##### Excerpted records #####
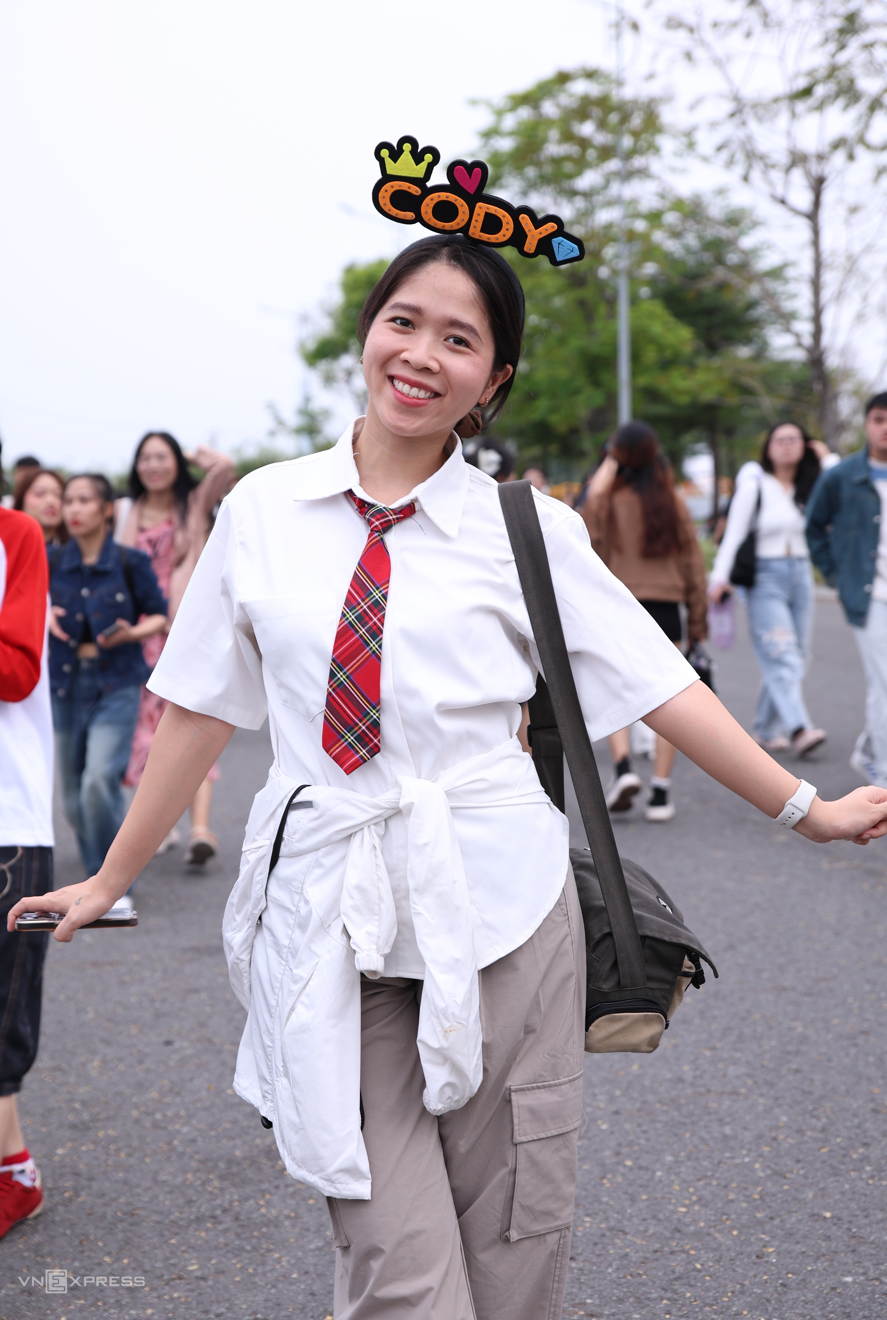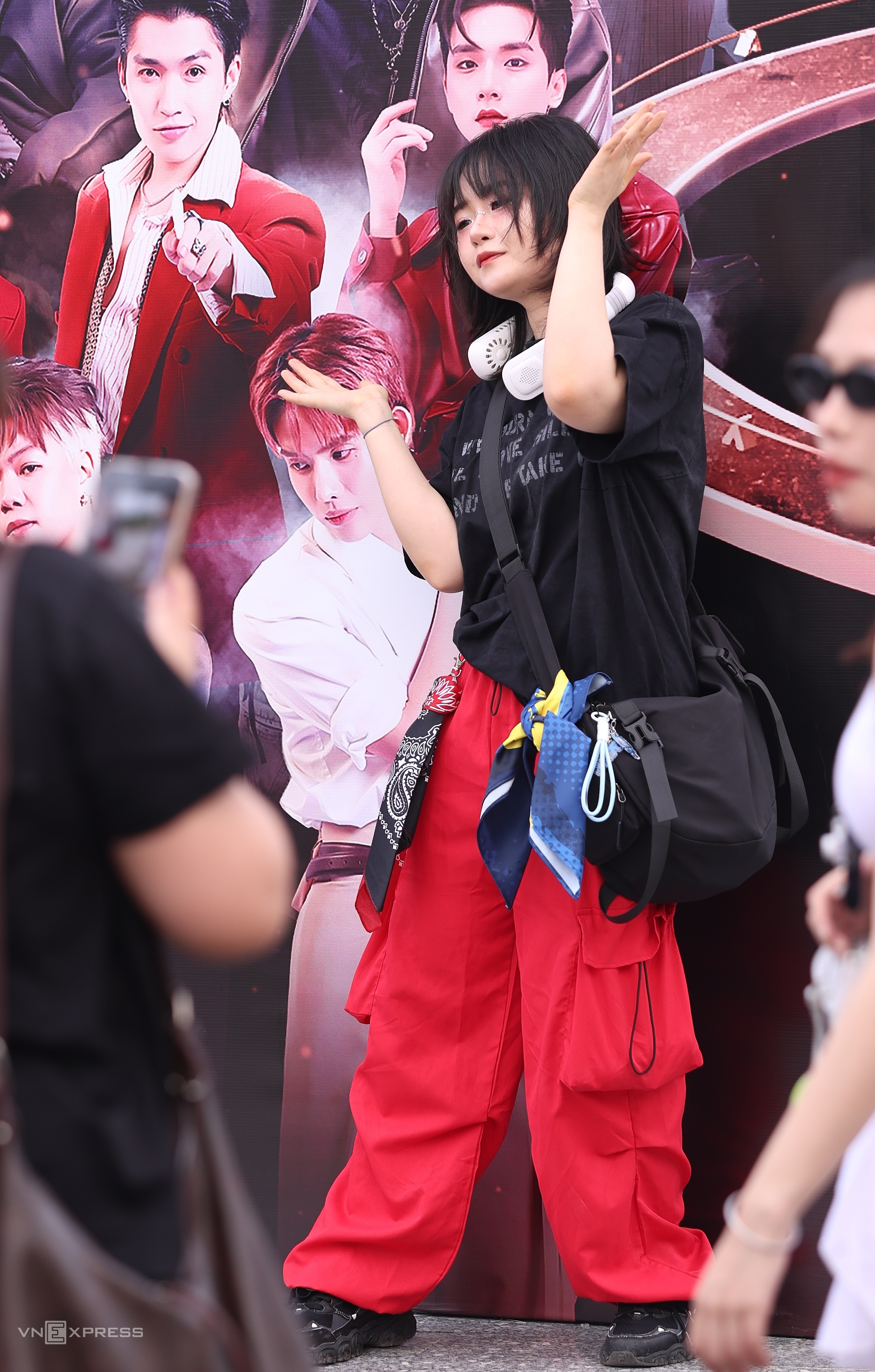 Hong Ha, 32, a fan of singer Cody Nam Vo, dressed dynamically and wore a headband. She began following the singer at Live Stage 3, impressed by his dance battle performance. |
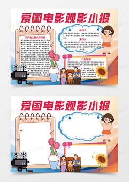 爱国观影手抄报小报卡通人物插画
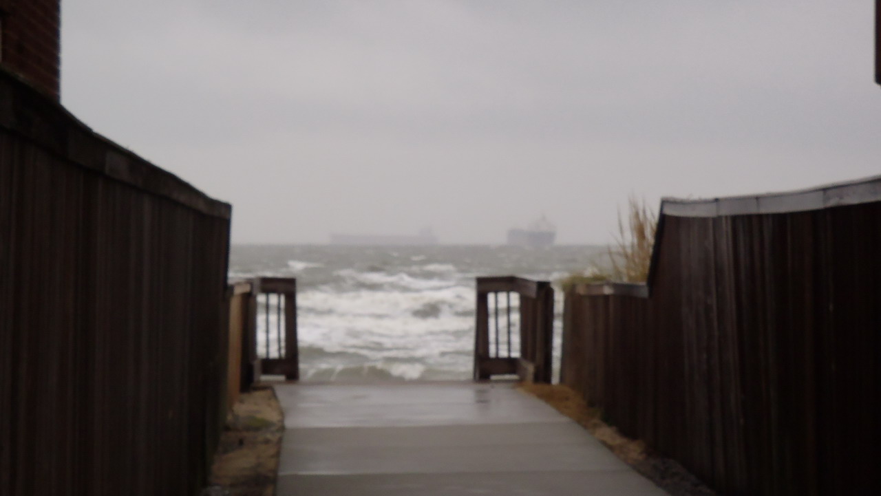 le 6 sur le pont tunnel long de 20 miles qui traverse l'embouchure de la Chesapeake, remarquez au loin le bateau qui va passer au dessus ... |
#####
##### Excerpted records #####
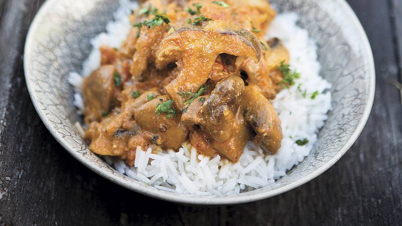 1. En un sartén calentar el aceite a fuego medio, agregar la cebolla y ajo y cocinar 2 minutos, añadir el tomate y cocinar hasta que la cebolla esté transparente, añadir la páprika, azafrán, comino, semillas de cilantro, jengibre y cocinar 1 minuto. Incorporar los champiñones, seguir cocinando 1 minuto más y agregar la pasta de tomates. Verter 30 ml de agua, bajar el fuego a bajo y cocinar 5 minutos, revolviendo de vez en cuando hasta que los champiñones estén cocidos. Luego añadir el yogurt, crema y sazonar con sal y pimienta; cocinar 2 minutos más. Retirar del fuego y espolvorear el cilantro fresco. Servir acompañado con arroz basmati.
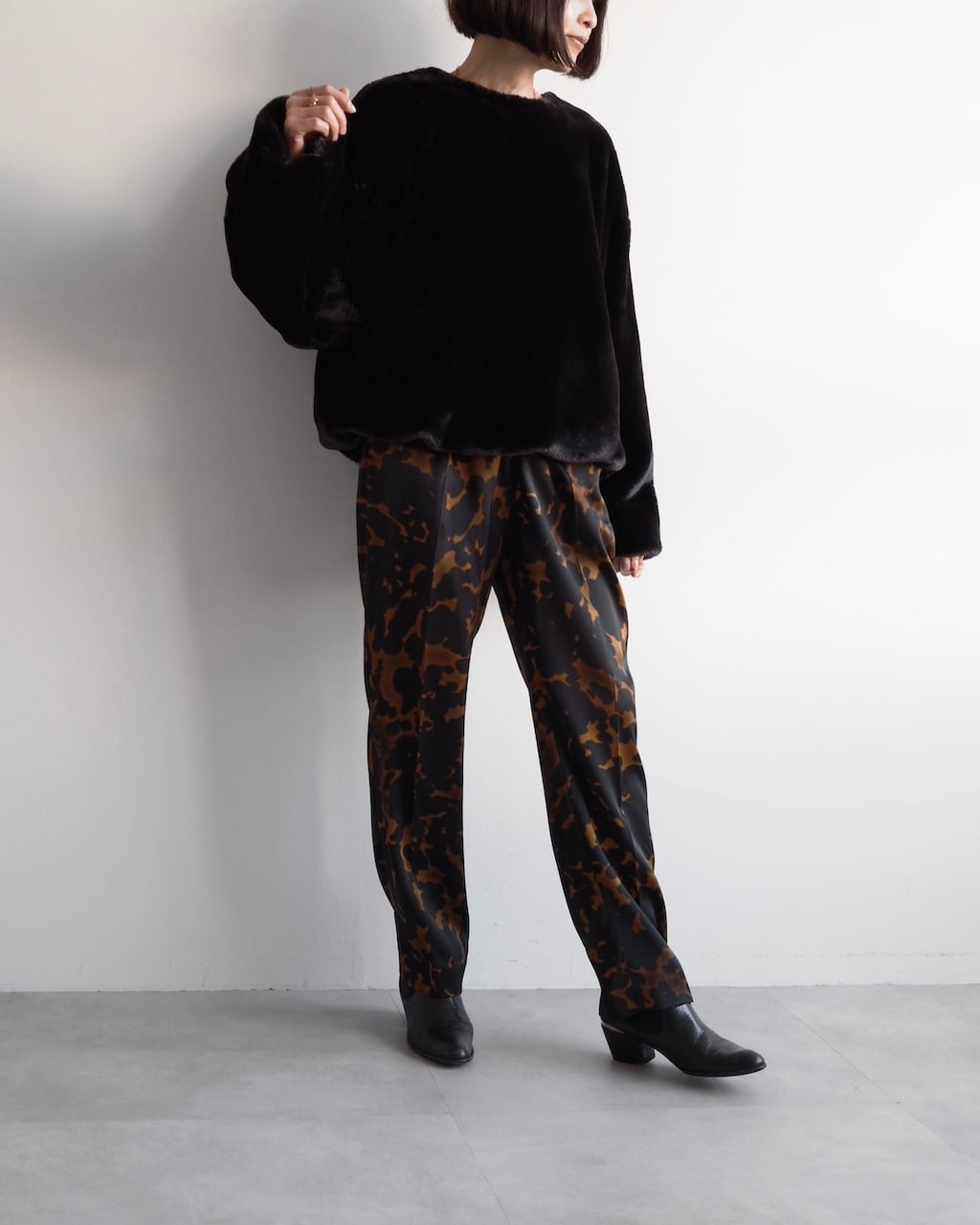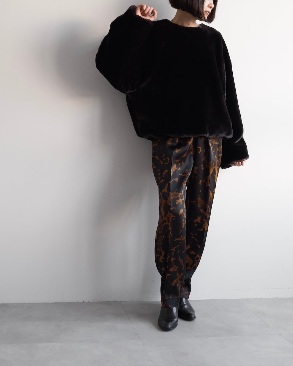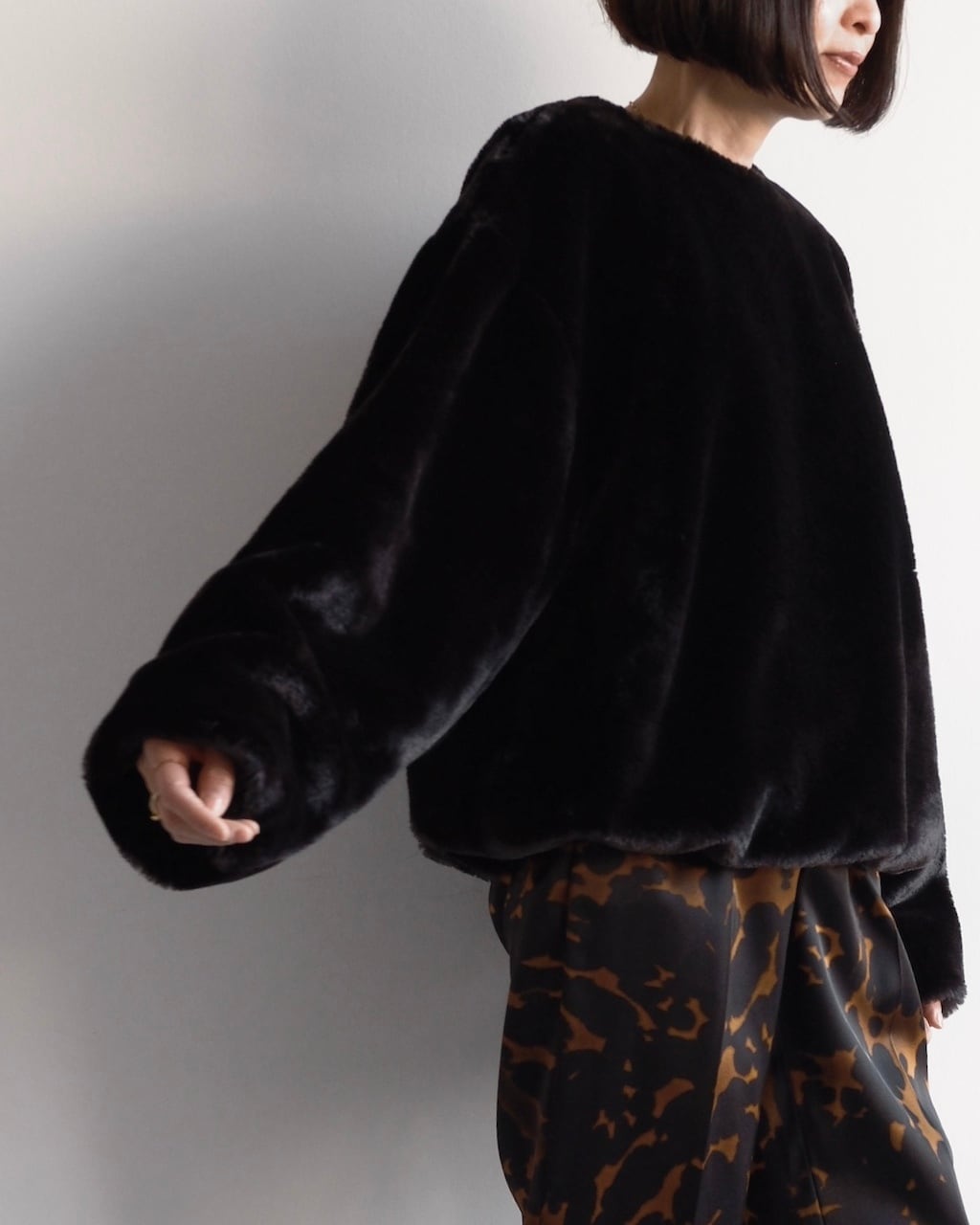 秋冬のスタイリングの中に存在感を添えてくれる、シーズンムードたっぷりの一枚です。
#####
**Task goal:** Pictures in the entries do not go into the copy. Print only the lines starting at the one containing "爱国观影手抄报小报卡通人物插画" and ending at the one containing "le 6 sur le", exactly as they appear.

**Answer to this exercise:**
 爱国观影手抄报小报卡通人物插画
 le 6 sur le pont tunnel long de 20 miles qui traverse l'embouchure de la Chesapeake, remarquez au loin le bateau qui va passer au dessus ... |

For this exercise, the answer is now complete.